*Goal of the exercise:*
An exact transcription is needed of the lines below from the one with "Variant DetailsVariant: essv6775218|" through the one with "same girls someone", with no other lines and no pictures.

*Provided material:*
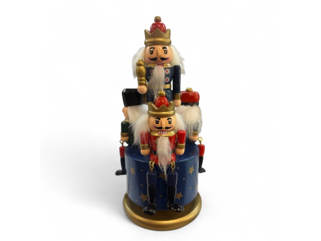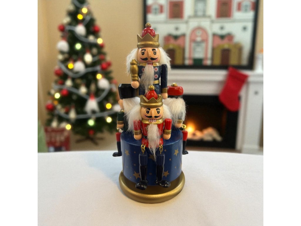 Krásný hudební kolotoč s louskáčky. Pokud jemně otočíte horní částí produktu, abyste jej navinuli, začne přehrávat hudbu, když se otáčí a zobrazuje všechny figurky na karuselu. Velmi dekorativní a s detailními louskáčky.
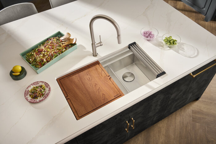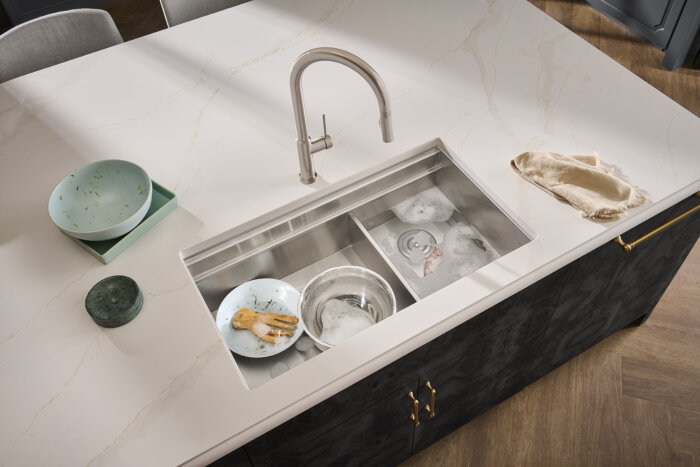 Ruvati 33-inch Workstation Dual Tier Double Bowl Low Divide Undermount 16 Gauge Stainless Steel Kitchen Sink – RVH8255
...
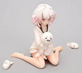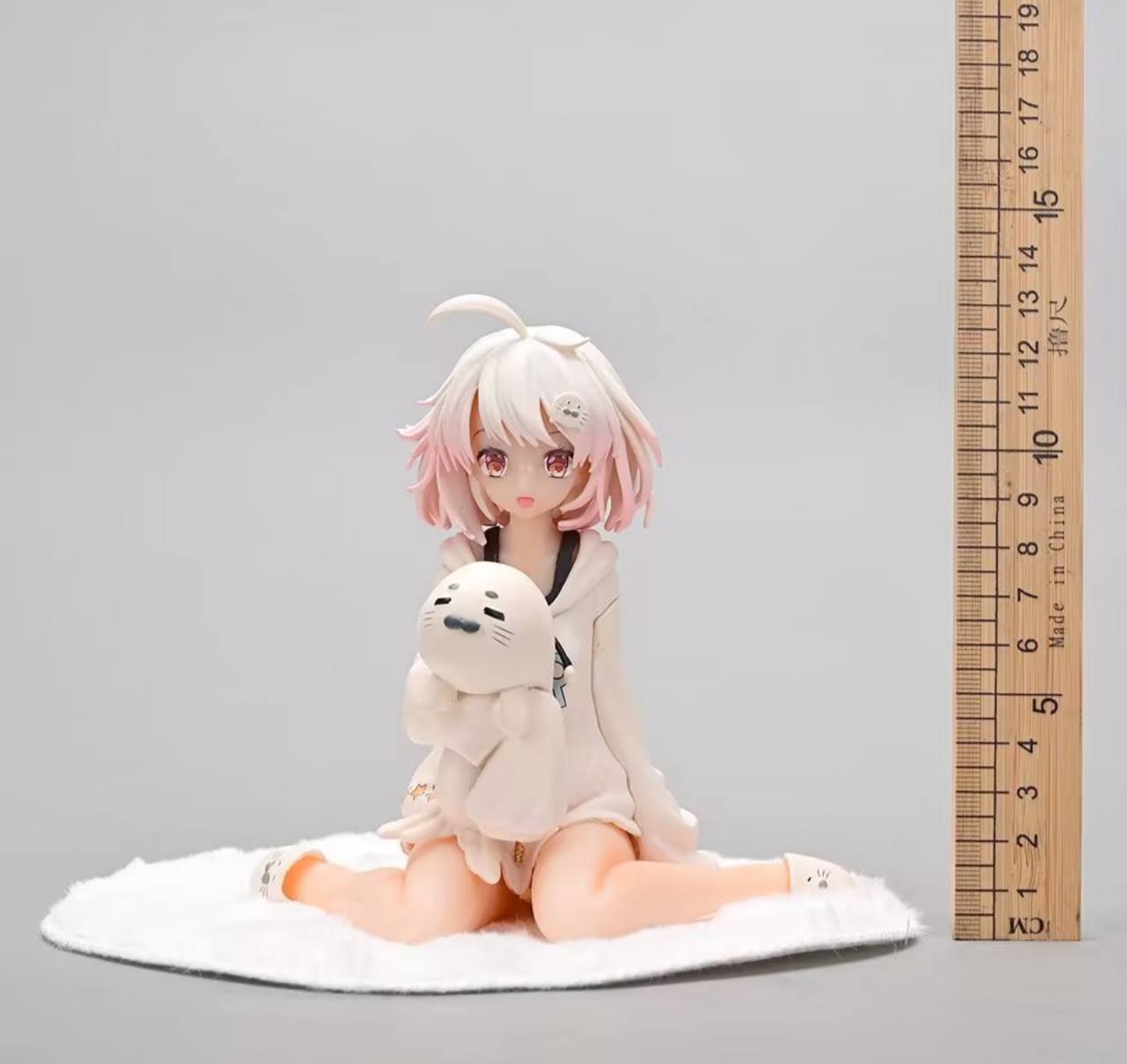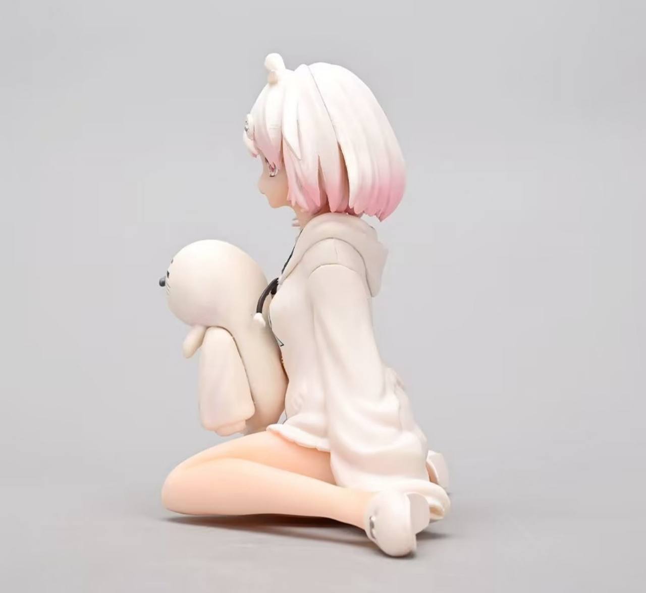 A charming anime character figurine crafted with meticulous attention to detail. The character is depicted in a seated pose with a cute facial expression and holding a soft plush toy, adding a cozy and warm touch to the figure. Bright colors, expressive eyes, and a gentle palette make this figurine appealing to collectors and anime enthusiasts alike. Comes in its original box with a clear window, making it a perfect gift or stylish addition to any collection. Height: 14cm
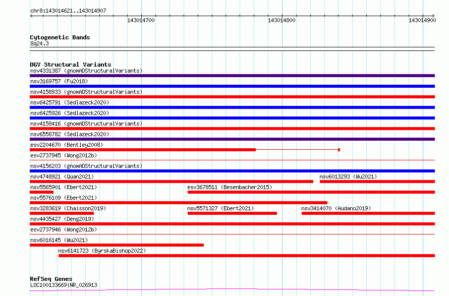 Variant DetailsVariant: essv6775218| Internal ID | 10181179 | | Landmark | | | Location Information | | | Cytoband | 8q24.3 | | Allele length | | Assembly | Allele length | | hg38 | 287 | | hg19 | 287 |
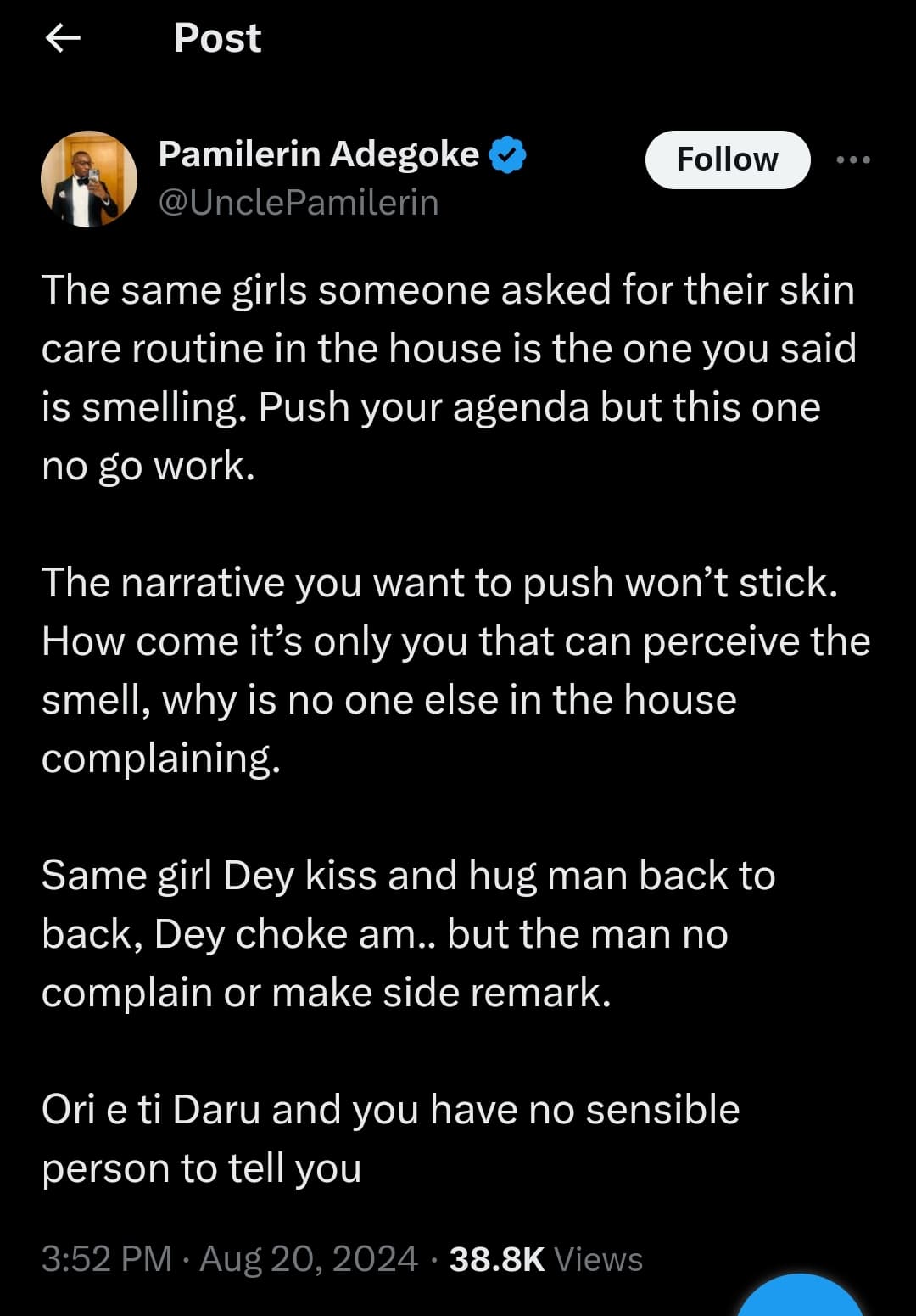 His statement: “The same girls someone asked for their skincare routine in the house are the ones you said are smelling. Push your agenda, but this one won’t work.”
--
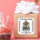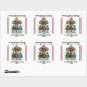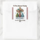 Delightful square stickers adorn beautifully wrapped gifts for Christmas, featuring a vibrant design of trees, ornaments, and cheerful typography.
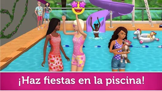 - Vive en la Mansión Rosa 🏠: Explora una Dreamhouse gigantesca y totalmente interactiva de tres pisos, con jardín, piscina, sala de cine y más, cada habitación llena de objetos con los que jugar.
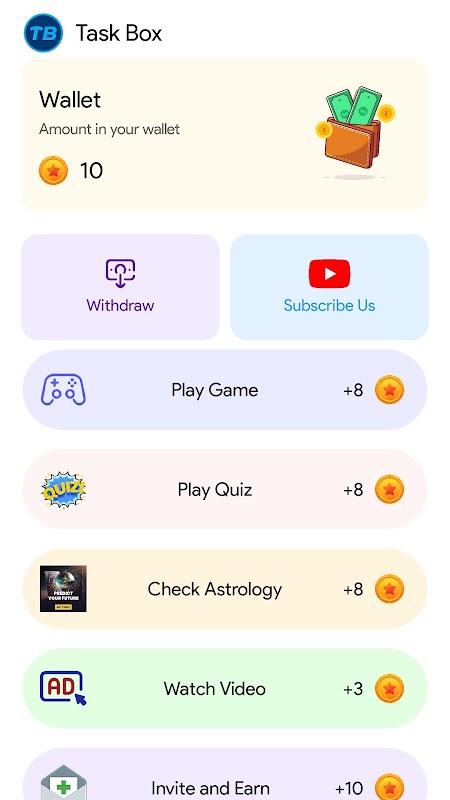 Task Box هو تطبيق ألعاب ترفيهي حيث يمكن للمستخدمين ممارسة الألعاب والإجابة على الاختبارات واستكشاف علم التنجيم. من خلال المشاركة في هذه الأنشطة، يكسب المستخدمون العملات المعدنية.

*Exercise response:*
 Variant DetailsVariant: essv6775218| Internal ID | 10181179 | | Landmark | | | Location Information | | | Cytoband | 8q24.3 | | Allele length | | Assembly | Allele length | | hg38 | 287 | | hg19 | 287 |
 His statement: “The same girls someone asked for their skincare routine in the house are the ones you said are smelling. Push your agenda, but this one won’t work.”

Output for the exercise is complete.